If one were to apply the GATT standard of review in the context of Yukos, then the question could be whether the relevant Russian statutes, specifically the FLIT and FIL, impose on the executive an obligation not to accept the provisional application of an investor-state arbitration clause, or otherwise prevent the executive from agreeing to provisionally apply an investor-state arbitration clause (by delegating, for example, this power to the legislative).  Either way, under the GATT standard, the terms or expressed intent of the legislation at issue must specifically proscribe executive action.

In this respect, the FLIT provides that the decision to sign a treaty rests with the executive (Article 11).  Article 23(1) provides that “[a]n international treaty or a part thereof may, prior to its entry into force, be applied by the Russian Federation provisionally if the treaty itself so provides or if an agreement to such effect has been reached with the parties that have signed the treaty”.  In turn, Article 23(2) provides that “[d]ecisions on the provisional application of a treaty … shall be made by the body that has taken the decision to sign the international treaty according to the procedure set out in Article 11 of this Federal Law”, i.e. the executive.  Moreover, Article 6(1) provides that “[c]onsent of the Russian Federation to be bound by an international treaty may be expressed by means of: signature of the treaty”.

On the other hand, the 1991 FIL provides that:

Investment disputes, including disputes over the amount, conditions and procedure of the payment of compensation, shall be resolved by the Supreme Court of the RSFSR or the Supreme Arbitrazh Court of the RSFSR, unless another procedure is established by an international treaty in force in the territory of the RSFSR. [Article 9]

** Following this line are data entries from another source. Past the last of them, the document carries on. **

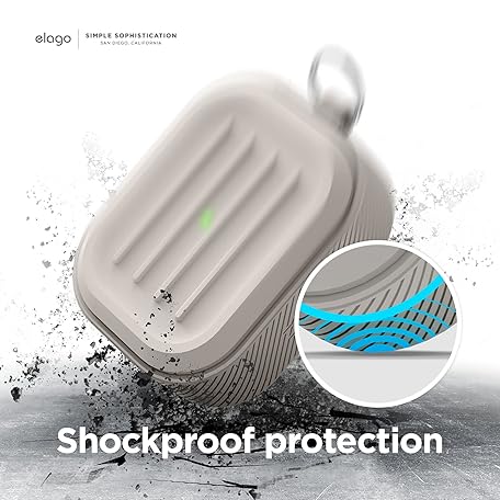 Thông tin sản phẩm elago Armor Case Compatible with AirPods 3 Case Cover - Karabiner Included, Supports Wireless Charging, Shock Resistant, Easily Cleaned, Full Protection (Stone)
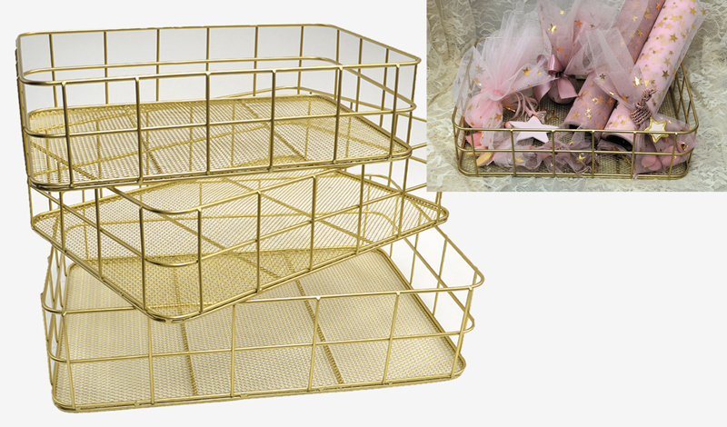 Μεταλλικό Καλάθι Σετ 3 τεμάχια για μπομπονιέρες με διαστάσεις A: 40cm x 30cm x 10.5cm, B: 37cm x 27cm x 9.8cm, Γ: 34cm x 24cm x 8.9cm .
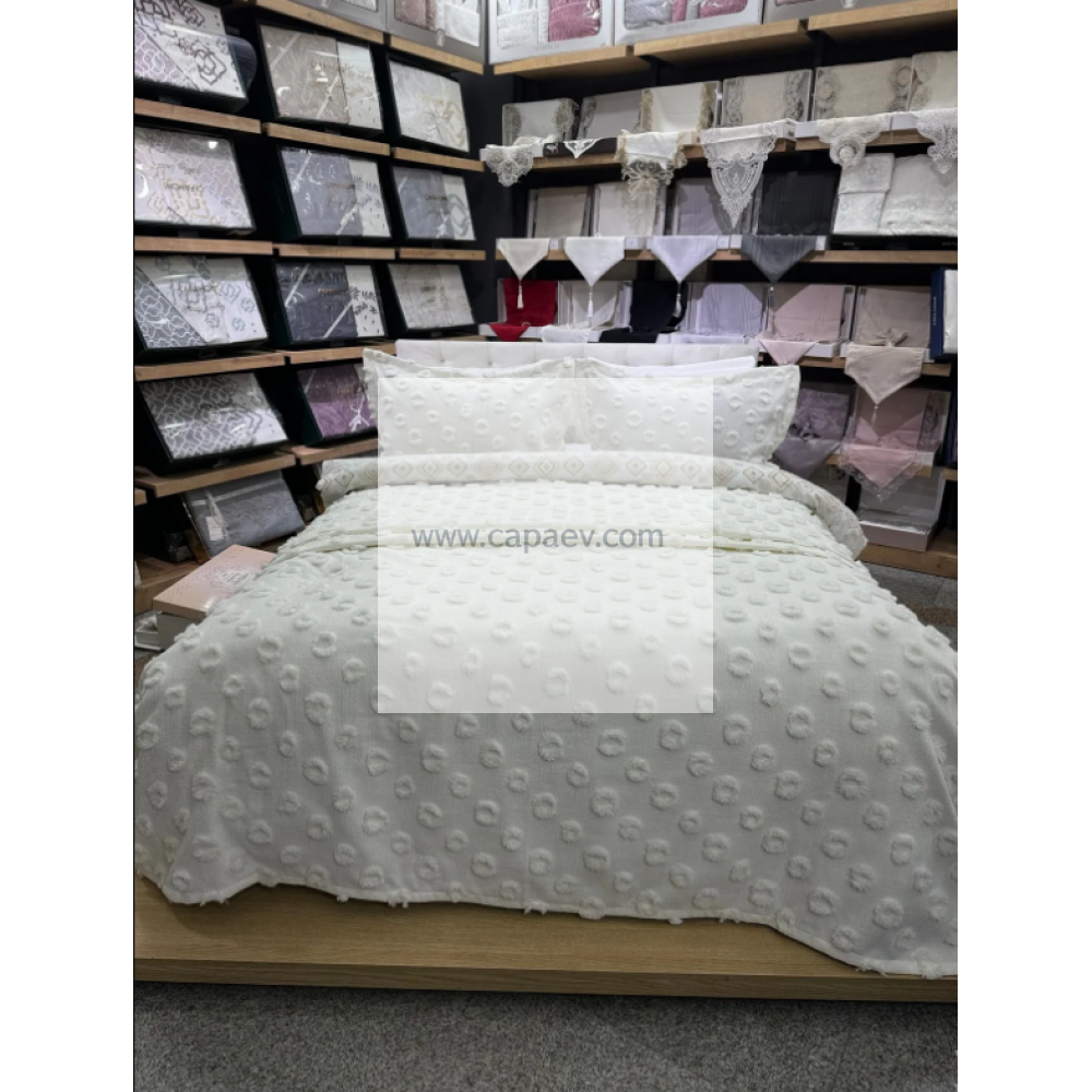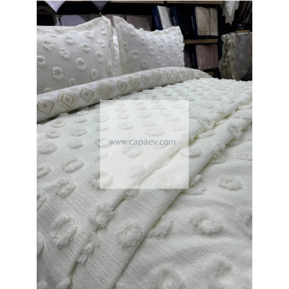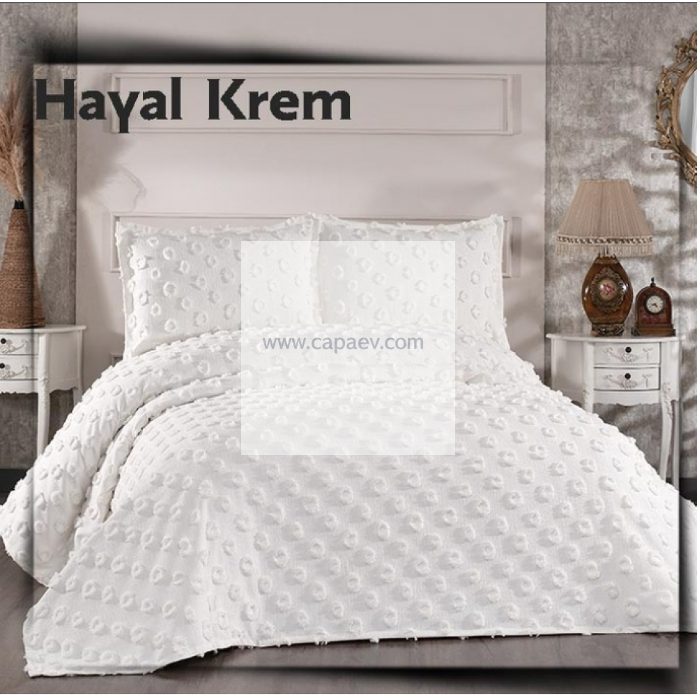 Hayal Krem Lüks Şönil Yatak Örtüsü
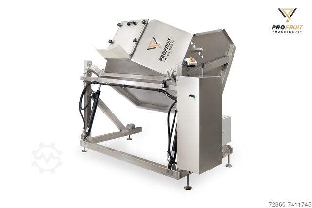 Это первый этап обработки, во время которого машина передает фрукты, овощи или ягоды на следующие этапы обработки: мойку, сортировку или дробление. Бункерный опрокидыватель поднимает ящик и высыпает продукцию на сортировочный конвейер, AQUA или MAXIMILL.
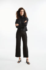 A camisa Luisa, confeccionada em cetim com estampa "Pied de Poule" possui modelagem de gola alta e mangas compridas, bufantes. Detalhes franzidos na gola e nos punhos. Fechamento por zíper invisível na parte posterior da gola e nas laterais dos punhos.
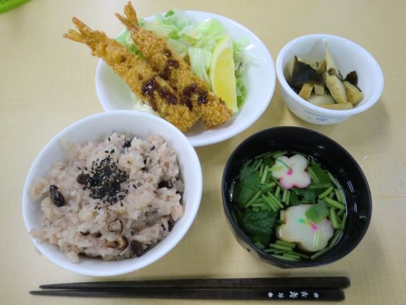 赤飯・エビフライ・若竹煮・すまし汁
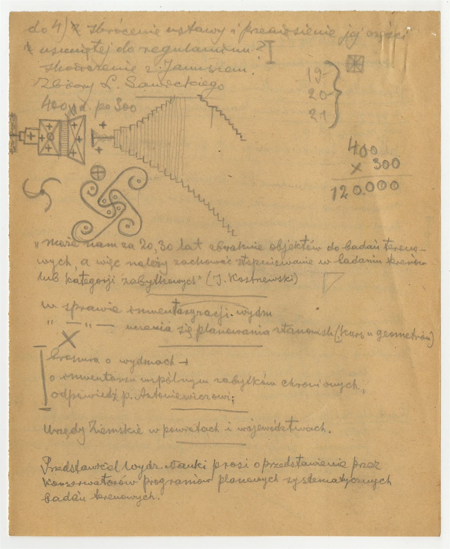 Rękopis - brudnopis planu konferencji Państwowego Grona Konserwatorów Zabytków Przedhistorycznych w Poznaniu dnia 11 marca 1922 r. - strona 4: "(…) do 4) skrócenie ustawy i przeniesienie jej części (…)"
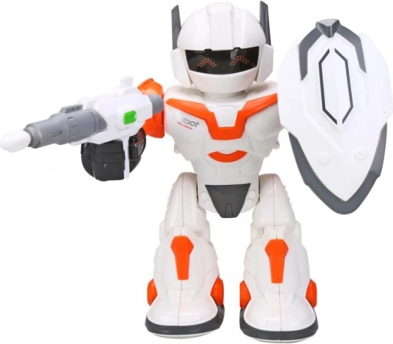 Zábavný robot na baterie vysoký 20 cm se postará o akční podívanou: chodí, má světelné a zvukové efekty, otáčí se o 360° a v rukou drží zbraň a štít.
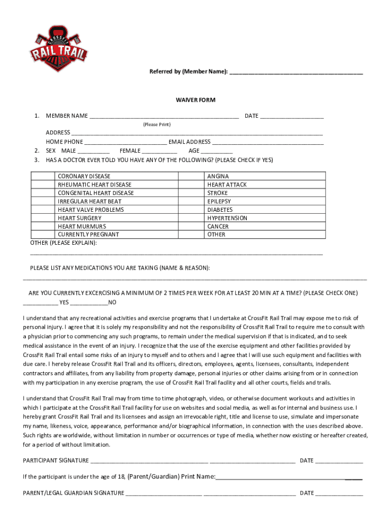 Referred by (Member Name): ___WAIVER FORM 1.MEMBER NAME ___ DATE ___ (Please Print)2. 3.ADDRESS ___ HOME PHONE ___ EMAIL ADDRESS ___ SEX MALE ___ FEMALE ___ AGE ___ HAS A DOCTOR EVER TOLD YOU HAVE
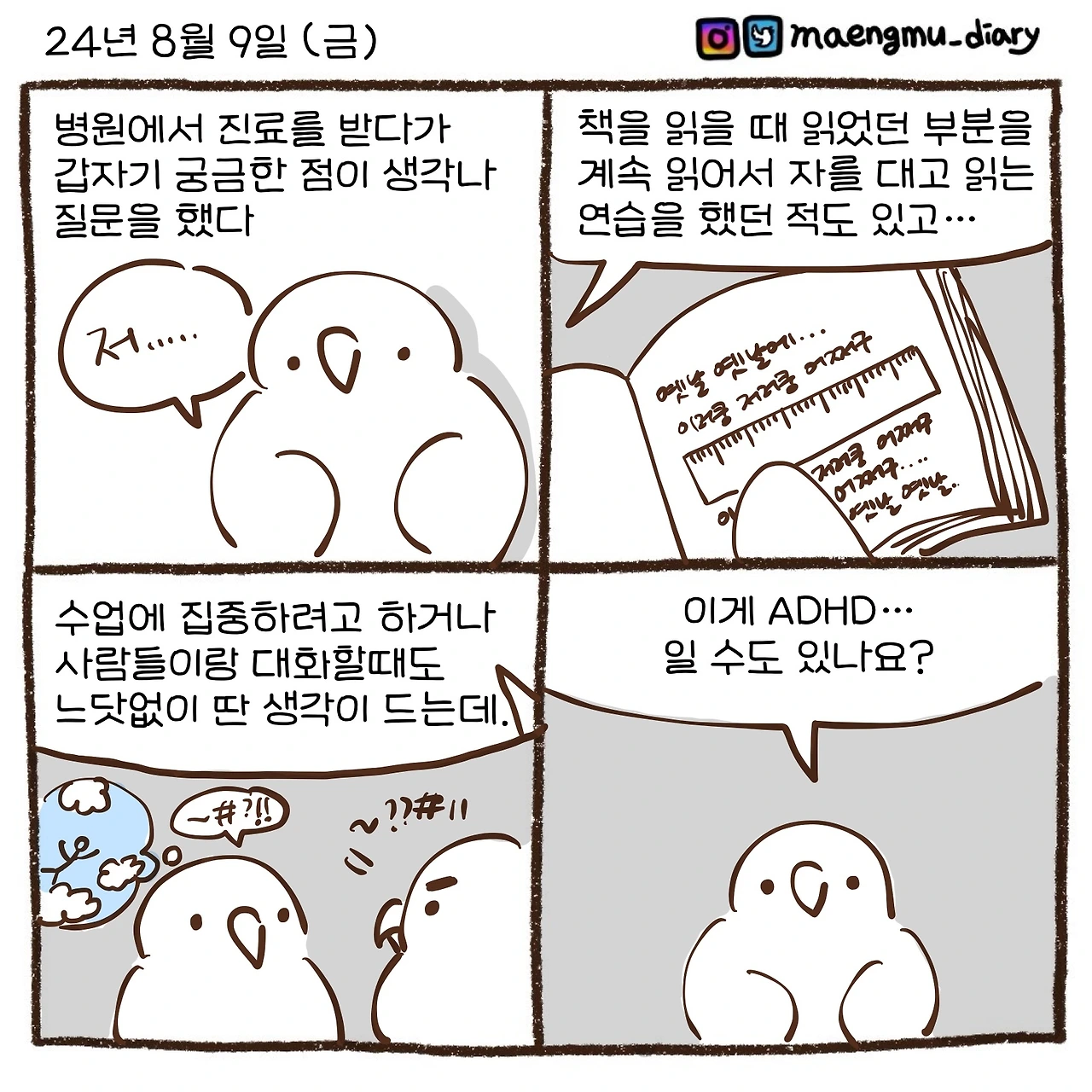 몇 년 전에 심리상담을 받을 때 얼핏 ADHD라는 이야기를 들은 적 있는데
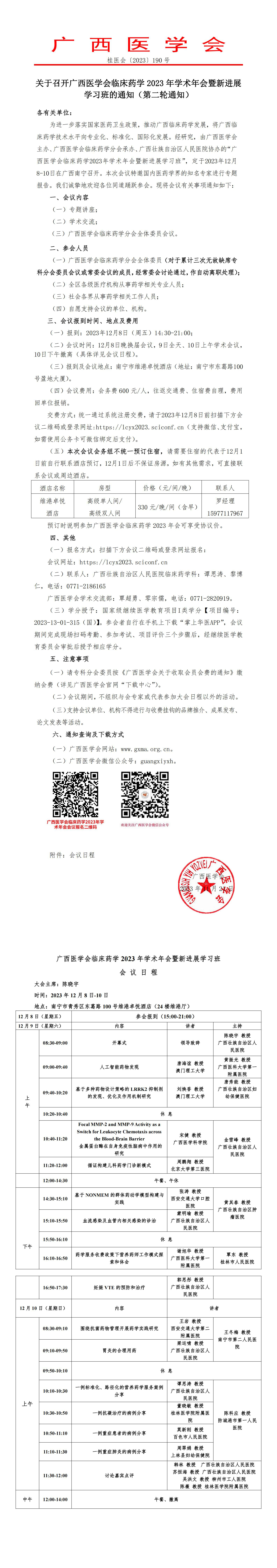关于召开广西医学会临床药学2023年学术年会暨新进展学习班的通知(第二轮通知)
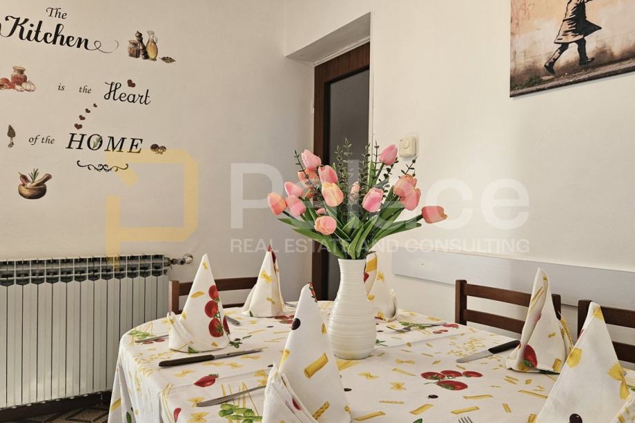 Stan je prošle godine obnovljen i opremljen, uređena je kupaonica, te vanjska i unutarnja stolarija. Na kući je obnovljena fasada i uređena terasa, kao i cijelo dvorište.
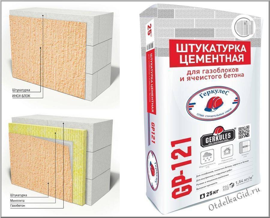 Прямое оштукатуривание ячеистых бетонов требует использования специальных составов, но при монтаже утеплителя можно воспользоваться более простыми и дешевыми растворами
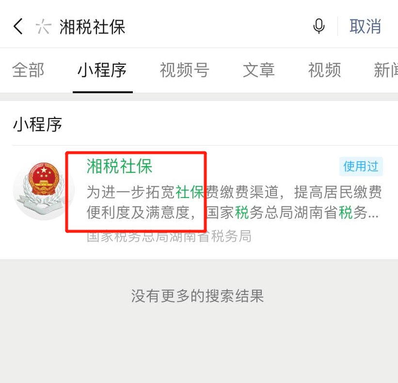 缴费操作步骤:搜索“湘税社保”→进入“湘税社保微信小程序” →注册、登录→选择缴费险种→信息确认→费用支付。
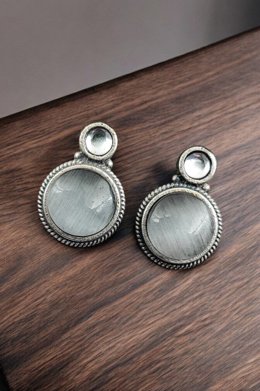 Upgrade your jewelry collection with these stunning Silver Replica Monalisa Stone Studs and experience the charm of antique-inspired elegance every day.
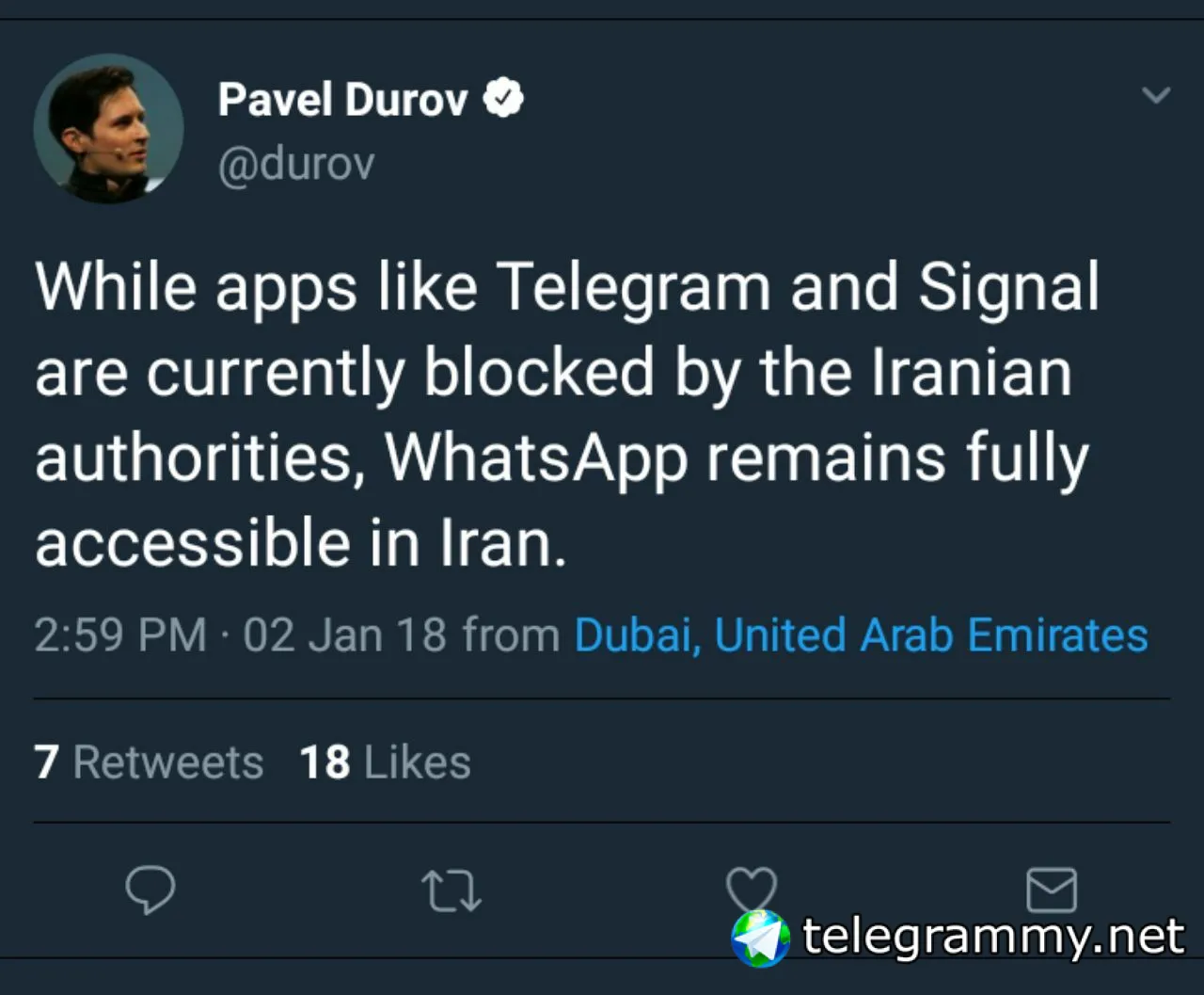 В то время, когда такие приложения как Telegram и Signal заблокированы иранскими авторитетами (правительством), WhatsApp остается полностью доступным в Иране.
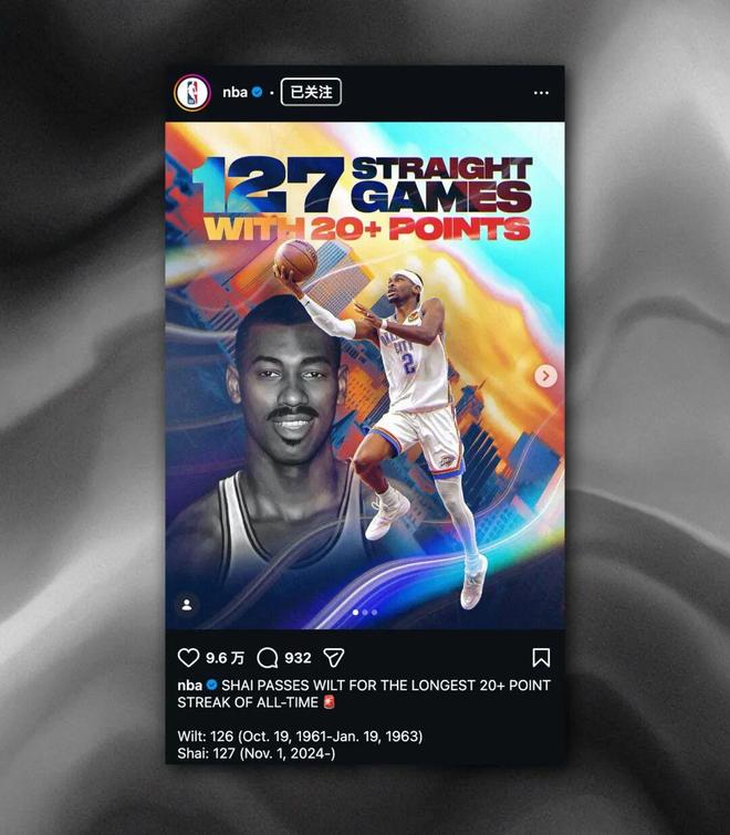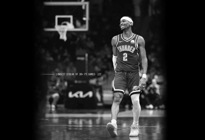 雷霆队球星 SGA 谢伊·吉尔杰斯-亚历山大以连续 127 场比赛得分 20+ 的神勇表现,正式超越篮球皇帝张伯伦在 1963 年 1 月创下的 126 场纪录,成为该项数据当之无愧的「历史第一人」。
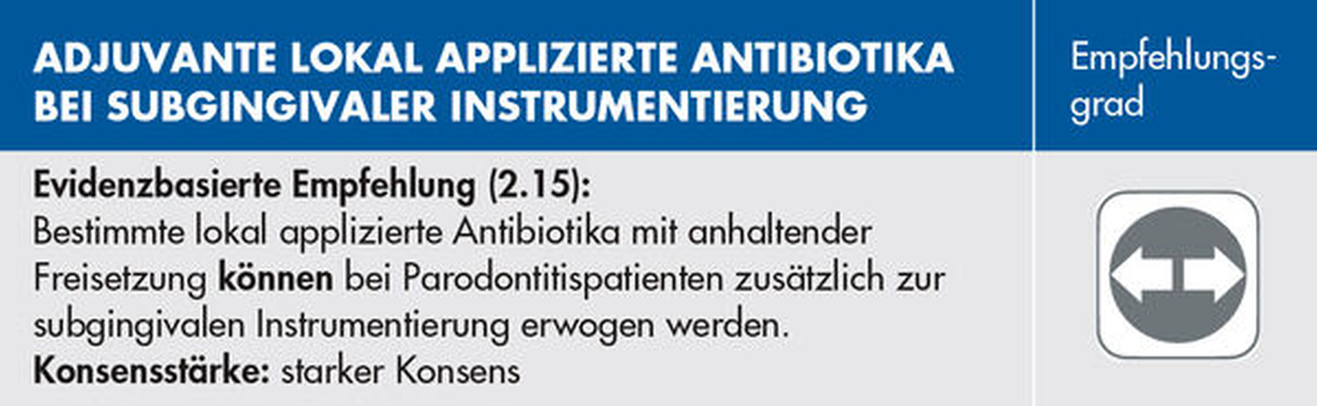 Das systematische Review von Herrera et al. [2020] zeigte für lokal applizierte Antibiotika, die auf dem europäischen Markt verfügbar sind, eine statistisch signifikant bessere TST-Reduktion von 0,3 bis 0,8 mm als Adjuvans zur subgingivalen Instrumentierung bei einem Follow-up von sechs bis neun Monaten. Statistisch signifikante Verbesserungen der CAL-Veränderung von 0,4 bis 0,5 mm wurden ebenfalls festgestellt. Es lagen keine Daten bezüglich BOP und Pocket Closure vor. Die geschätzte Effektgröße war um 10 bis 30 Prozent größer als bei ausschließlich mechanischer Instrumentierung bezüglich der TST-Reduktion. Nutzen-Risiko-Überlegungen bezüglich des Gebrauchs von Antibiotika müssen berücksichtigt werden. Die hohen Kosten und die limitierte Verfügbarkeit der Produkte in Deutschland müssen ebenfalls berücksichtigt werden.
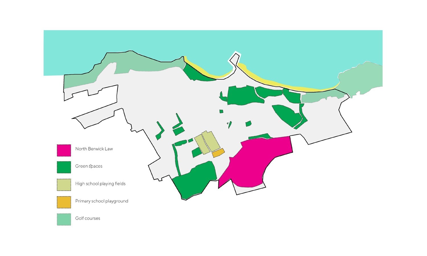 The Triangle space is located at a key point at the entrance to the town, at the foot of the Law, with views out across the town to the sea and Bass Rock beyond. The aim was to create a landscape that responds to its setting, and also acts as a meeting point for the school and the community.

Similarly, the 1999 FIL provides that:

A dispute of a foreign investor arising in connection with its investments and business activity conducted in the territory of the Russian Federation shall be resolved in compliance with the international treaties of the Russian Federation and federal laws in a court, an arbitration court or international arbitration (arbitration tribunal). [Article 10]

Arguably, the above provisions do not clearly determine whether provisional application of an investor-state arbitration clause is inconsistent with Russia’s “constitution, laws or regulations”.  At the same time, if one were to accept the GATT standard of review, it is likely that the above provisions would fall short of establishing an obligation preventing the executive from agreeing to provisionally apply an investor-state arbitration clause.

However, as the complexity of life teaches us, analogies may not always be apposite.  After all, in the context of GATT’s provisional application, what was at stake was measures affecting trade in goods –not investor-state dispute settlement, and the contracting parties had themselves formulated a standard of review applicable to the PPA’s ‘limitation clause’.  Still, GATT’s standard of review of ‘limitation clauses’ could prove to be an analogue the courts and tribunals engaged in the Yukos saga may want to weigh in on.  Likewise, the GATT jurisprudence may prove to be attractive to the International Law Commission’s work on the topic of ‘provisional application of treaties’, which has recently turned its mind to the Yukos saga, but pushed away any conclusions as “premature” [65].